虽则道基被封,无从像过往那样借元气加持,幸有极其深厚的武术根柢,气沉丹田原是基本功之一,打小便练得格外扎实,因此宠渡这一嗓子嚎出来,固然不敢说震耳欲聋,却也声若洪钟,响遏行云。紧接着将双手拢在嘴角,又吼了一声,“恶婆子杀我师父!——今日定与你不死不休!——”
余音回荡,经久渐消。方外之人本自五感敏锐,耳力非凡,相隔太远的地方听起来兴许仍旧不免模糊,但至少在玄阴宗所处的方位上,已然足够清晰洪亮。牟临川斜睨身侧,呵呵笑道:“这小子指名道姓叫你,必非空穴来风。有道是杀师之仇,不共戴天。却不知是你几时惹下的?”

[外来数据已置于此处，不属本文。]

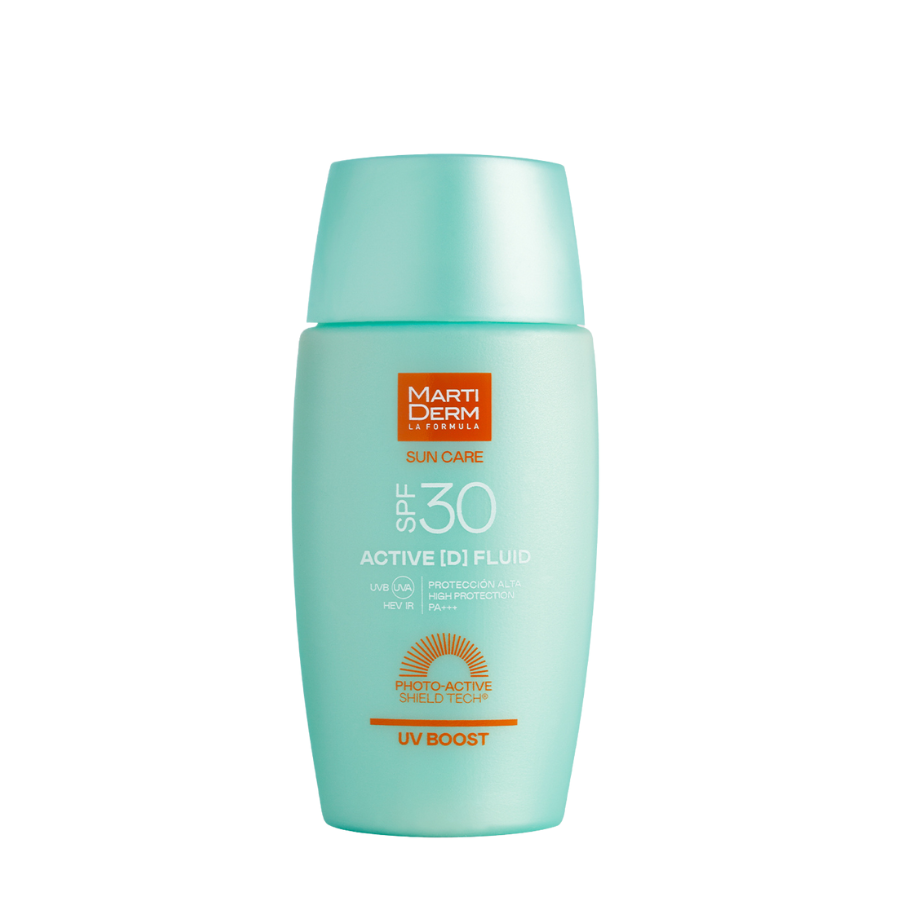Martiderm Sun Care Active D Fluid SPF30 is a facial photoprotector with a fluid texture that includes Photo-Active Shield Techology®, which allows you to optimize the concentration of filters in the formula, ensuring optimal UVA and UVB protection. In addition, it contains active antioxidants such as cocoa extract that completes broad-spectrum protection for all skin types. Contains moisturizing active ingredients.

毕梳道:“个中真情我亦不知,只据蛛丝马迹,略有臆测而已。”强压怒火,任凭宠渡在护障内破口大骂也不理睬,只管话说当初,为了方便在凉城活动,收了一个人送外号“刀疤脸”的猎妖客在身边听用。叵奈某夜与蝠王的血影分身如约密谋时,不慎露了行藏,被一假丹老者尾随至城外山林,撞破隐密。妖人合力将老者扑杀,就便将其随身之物搜刮净尽。因其死前曾用符箓传音,显非孤家寡人。蝠王血影自留善后,打算用计将传音之人诱来,以绝后患,命己方二人先行撤去等语。

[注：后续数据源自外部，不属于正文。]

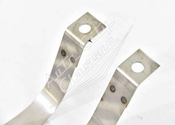 New reproduction pair of stainless steel fuel tank straps for 61-67 Ford Econoline models.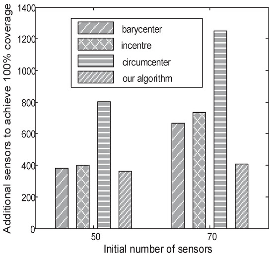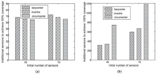 Figure 17a shows the number of new sensors to achieve 90% coverage when additional sensors are deployed in different locations (i.e., the barycentre, the in-centre, and the circum-centre) of the Delaunay triangle with the largest area. As shown in Figure 17a, when an additional sensor is deployed in the circum-centre of the Delaunay triangle with the largest area, a minimum number of new sensors are needed. Figure 17b shows the number of new sensors to achieve 100% coverage when the current coverage rate is larger than 90%. Obviously, when the additional sensors are deployed in the barycentre of the Delaunay triangle with the largest area, a minimum number of new sensors is needed. Thus, we enhance the method of [46] by deploying the additional sensors in the circum-centre of the Delaunay triangle when the current coverage rate is less than 90% and by deploying the additional sensors in the barycentre of the Delaunay triangle when the current coverage rate is between 90 and 100%. The reason we use the threshold of 90% is shown in Appendix A. Figure 18 shows that our method needs a minimum number of new sensors to achieve 100% coverage. When 50 and 70 sensors are initially deployed in the target regions, our method needs 362 and 409 new sensors, respectively, to achieve 100% coverage, and the method in [46] needs 382 and 664 new sensors, respectively, to achieve 100% coverage. Obviously, our method can recover coverage holes with the minimum number of new sensors.

连珠炮也似地讲了一通,引得周遭阵阵交头接耳。毕竟见过蝠王血影分身的玄阴弟子不在少数,知其每一尊皆是大妖,修为堪比人族假婴之境,本就不可易与。然则据毕梳所述,却另需纠合他二人之力,以四敌一才堪堪将那老者围而剿之,足见老者能耐何等非凡。一念及此,莫不惊诧。就连黑风老妖也不无感慨,“倒也是个人物。”
谁承想宠渡阴差阳错下将造化命盘成就血炼之宝,并借命盘解封之力彻底抹杀青眼分身。血蝠王恐失颜面,自也不会在人前提及此事。其时毕梳带着刀疤脸业已离去,终究不知后续情形。当下接着言道:“彼时与那老贼通信的便是眼前这小贼无疑了。若他上钩,以蝠王本事必不至于失手;必是他未曾中计或是怎地,不单苟活至今,更推定我是他的杀师仇人。”牟临川听罢蹙眉,若有所思,望毕梳腰悬之物瞥过一眼,扬了扬下巴示意道:“若本座没记错,你曾说过换了一件家当?”

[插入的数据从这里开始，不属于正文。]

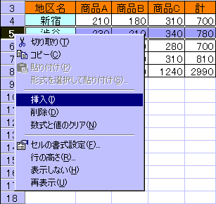 ておけば、行または列を挿入することができます。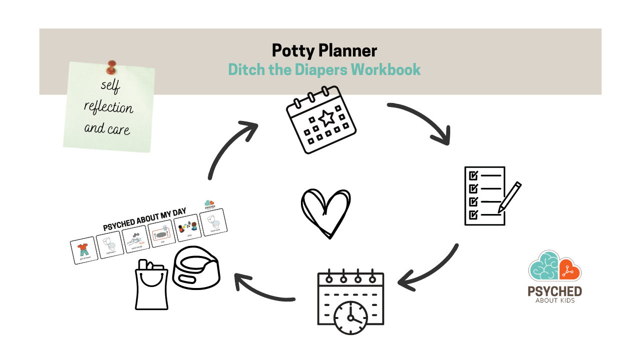 As an extra support to you and your child’s success, we have created our PAK Potty Planner to accompany our Ditch the Diapers book. It will help you to create your plan, self-reflect on your approach, share with your support network, stick with it, and adjust as needed. We want to support you in making the potty training process as smooth as possible, and fun!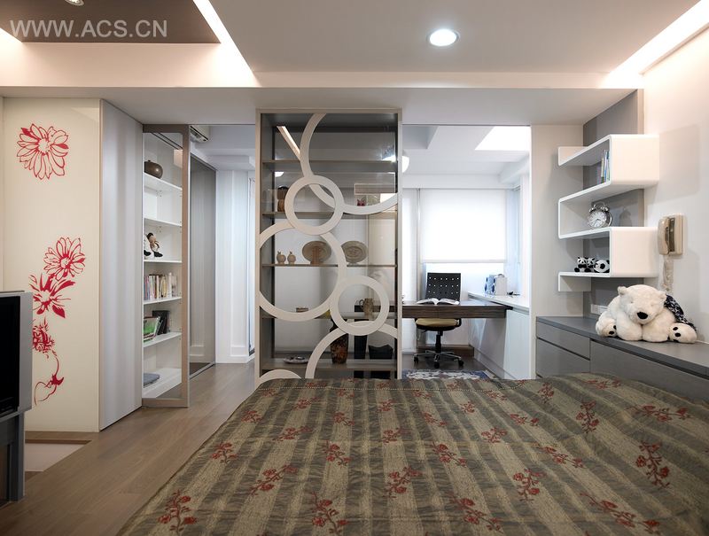 楼梯旁配电箱以茶镜包覆,除了修饰,更能发挥镜面扩张效果,色泽沉稳而有格调,适度的提升空间之质感。二楼为机能十足的复合式私密空间。书房与卧房利用茶玻拉门与展示柜分隔,在通透与独立之间取得平衡,藉此让空间与空间各具自主性。

“原来如此。”毕梳低头扫了一眼,立时一副茅塞顿开的神气,“料是后来依计诱拐散修入山时也将这小子网罗在列,被他发现了从老贼身上瓜分得来的储物袋,据此以为线索。”
“此是最为可能的情形。”
“宗主明鉴。”
“如此说来,那刀疤脸没有功劳也有苦劳,可曾被你收在麾下?”
“说来可惜。后见那黑背蛤蟆被人用黄泉露化作一滩污水,我便预感不好。宗主也知,此乃我惯用手法,获赐之人并不多。因此先就疑心是刀疤脸被杀人越货,后经多方查实,果已废命。”其实是蛤蟆将军遵照宠渡妙计,巧脱虎口。毕梳不知此节,仍自遥指宠渡,切齿言道:“若坊间传闻不假,刀疤脸正栽在那小恶贼手中。”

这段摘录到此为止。